In the second part of a two part interview, Sporto (producer of sports business conferences, magazines and awards) discusses with Malph Minns, Strive Sponsorship’s Managing Director, the insights from establishing and managing the awarded Team Sky commercial partnership programme from 2010 to 2014 and the opportunities for sponsors in niche sports. Below is an excerpt of part two of the interview. To read the full interview, click here.

SPORTO: During your time at Team Sky you helped to reach sponsorship return on investment for brands including Sky, 21st Century Fox, Jaguar, Gatorade and Oakley. What have you learned from your ‘cycling years’?

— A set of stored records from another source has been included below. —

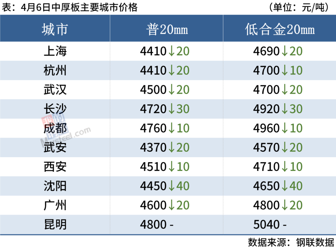 中厚板:4月6日,全国24个主要城市20mm普板均价4540元/吨,较上个交易日下跌19元/吨。6日期货价格继续下挫,近期全国各地迎来降雨天气,工地需求有所下降,市场中板库存增加明显,市场投机较为谨慎,成交一般,市场信心再次受挫。短期市场需求的释放速度较为缓慢,后期市场看法不一。综合来看,预计7日全国中厚板价格持稳运行。
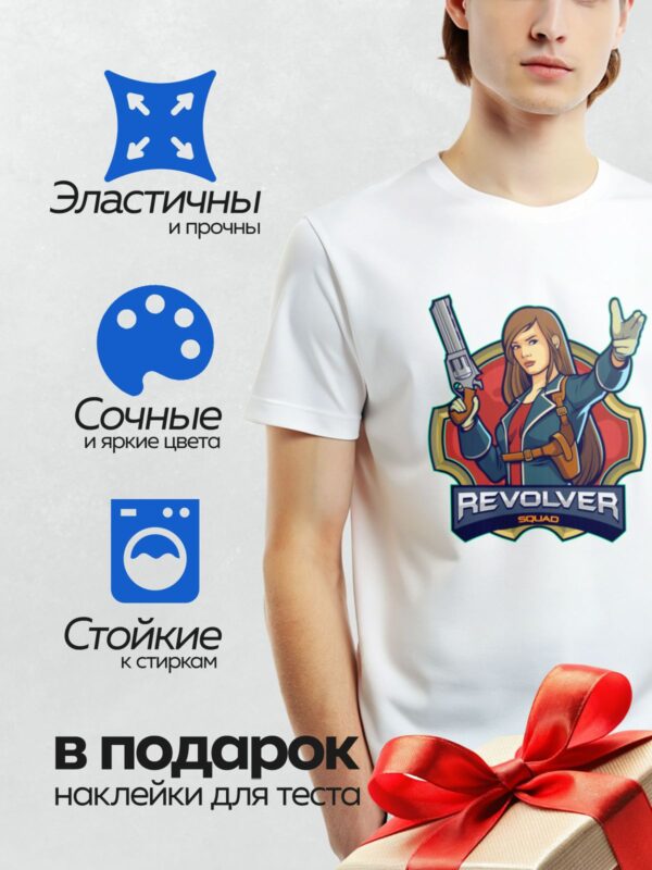 Термонаклейка на одежду DTF / Мультяшная девушка с револьвером и надписью “Revolver Squad”.
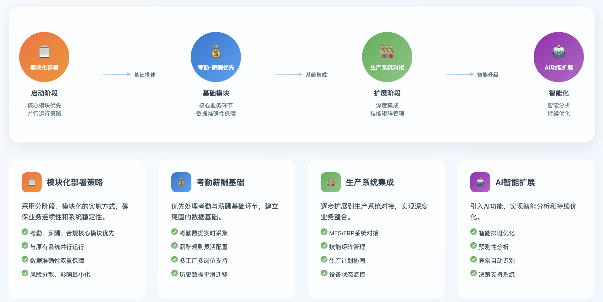 动态排班引擎、技能矩阵管理、薪资倒算、集团管控、跨国合规、MES-HR集成、AI招聘、PaaS二次开发、新旧系统并行、设备OEE联动、数字人面试、ESG合规、模块化部署、ROI周期、汽车制造业HR系统
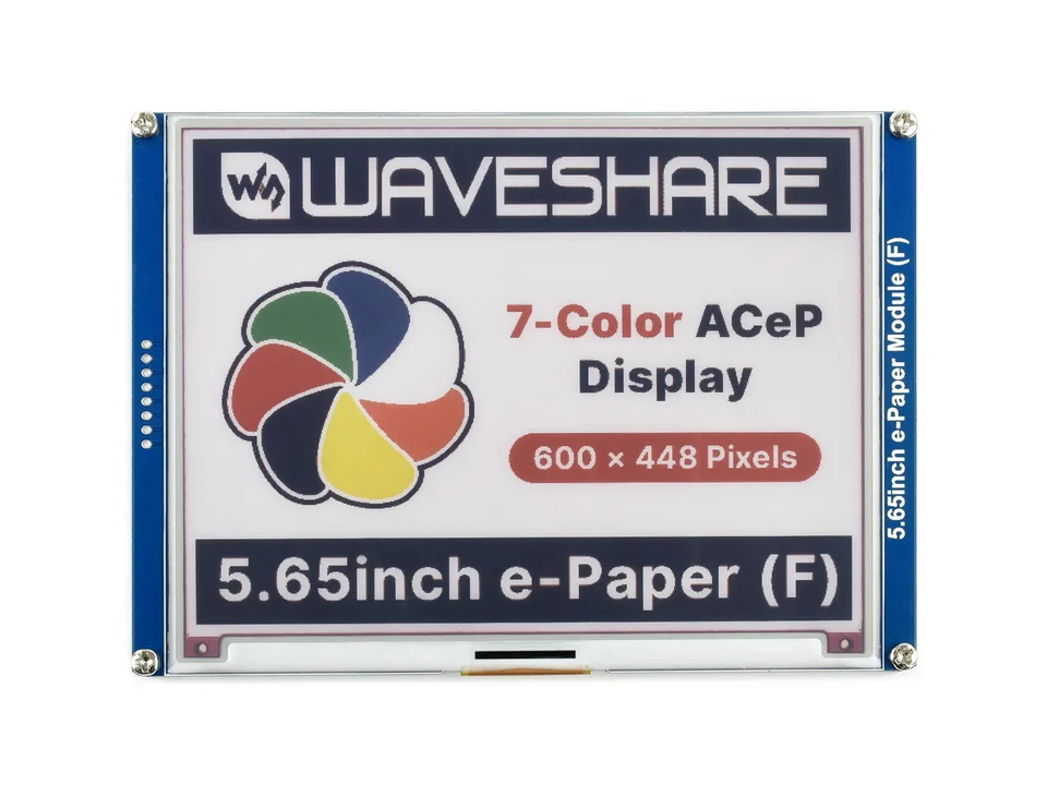 5,65 дюймовый цветной Фул E-Paper E-Ink дисплей модуль, 600 × 448 пикселей, ACeP 7 цветов5,65"7 цветовМодуль E-PAPERНизкое энергопотребление, широкий угол обзора, отображение в виде бумаги без электричества

MALPH MINNS: People talk a lot about the principles of good sponsorship/partnerships, but few apply them, or have the opportunity to. At Team Sky we were in the fortunate position of having a very smart owner in Sky. They recognized that we would need time and investment to build a brand with a clear purpose, objectives and identity. Rights holders often see marketing as a cost, but it in fact is a hugely valuable investment that can return value in both tangible and intangible ways over the long term. We recognized from the off that great partnerships weren’t just about how much investment we could raise, but it was about having an aligned vision, objectives and way of doing things – as well as having partners willing to invest in their activations, thus growing our media footprint. At the beginning, your brand is always going to be small, with your partners having far bigger brands and reach. Key for us was how we could work together, aggregating the activity of our partners, to grow our own brand and therefore value. This intangible value of partnerships is often not recognized or is misunderstood. Some rights holders see servicing sponsor requests as a necessary evil, while we looked upon it very much as a huge opportunity. If you don’t get this right at the start, you spend the rest of your relationship trying to force fit the partnership. This leads to activations that largely don’t resonate with the audience, thus not delivering for the rights holder nor the sponsor, and a high turnover of partnerships. This means your commercial team has an annual job of attracting someone new in and you fall into a sales cycle and mindset, rather than one of investment and value creation.

“In a partnership between brands and rights holders you need to recognise that being a smaller part of something big is better than being a big part of something small, and have clear ownable territories for each partner e.g. innovation, design etc.”

In the five years I was with Team Sky, there wasn’t one partner that wanted to leave. Those that did were purely because we found a better fit elsewhere or they couldn’t afford the rights fee anymore. We had a 100-percent renewal and upsell record across a family of over 20 partners and in a sport that had always struggled to attract global brands.